[NTLUG:Discuss] su?
Aaron Goldblatt
aaron at goldblatt.net
Thu Jul 12 18:29:33 CDT 2001
> That's what I'd like to do, but how? www is a special account
> used by the webserver, and I'm not sure how to find out what its
> password is, or how to change it. If a person were root, he
> could obviously "su www", but I don't want anyone to be root.
As root:
# passwd www
As root, you don't need the know the password to change it. That way, if a
user loses his password, root can reset it.
> If I were to change the password for www, wouldn't that mess up
> the services that run as www? Or do they not need a password
> because they're started by root?
They don't need a password, as you describe, because the change in ownership
is being done by a process running as root ... so no permissions need apply.
THAT is the danger of running things as root, and why you should avoid doing
so anywhere you can. Processes that run as root bypass most of the operating
system's internal security checks. (ala rm -rf /)
Just beware that the person(s) you give this password to can blow a big hole
in your web server and there's not much you can do about it, beyond making
all the config files read-only and owned by root (which I would advise).

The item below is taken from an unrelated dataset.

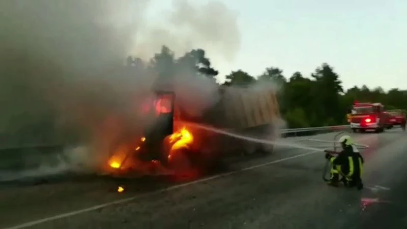 Denizli’nin Çameli ilçesinde seyir halindeyken motor kısmından alev alarak bomba gibi patlayan kamyonun görüntüleri ortaya çıktı.
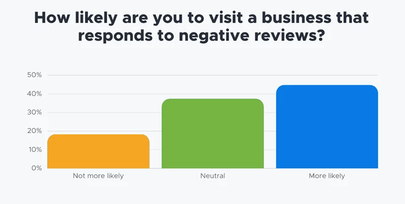 Negative feedback happens. But 45% of consumers say they are more likely to go to a business if it responds to negative reviews. Let’s see how you can handle it:

But
unless you have some root-owned supervisory process running, you may expose
yourself to a situation where the user can shut down the daemon and/or damage
logs and files.
Going the group permissions route is much better, imo, or using sudo. Sudo
allows you to specify which commands a user is permitted to execute, so you
can restrict things like kill and make them stick to chown.
Beware with sudo: The default user as which things are done is root, and if
you let the user run any command under sudo without correctly restricting it,
the user might run something like "sudo bash" which suddenly gives the user a
root shell, which is obviously not what you want. Even "sudo -u www bash"
might have some undesired consequences.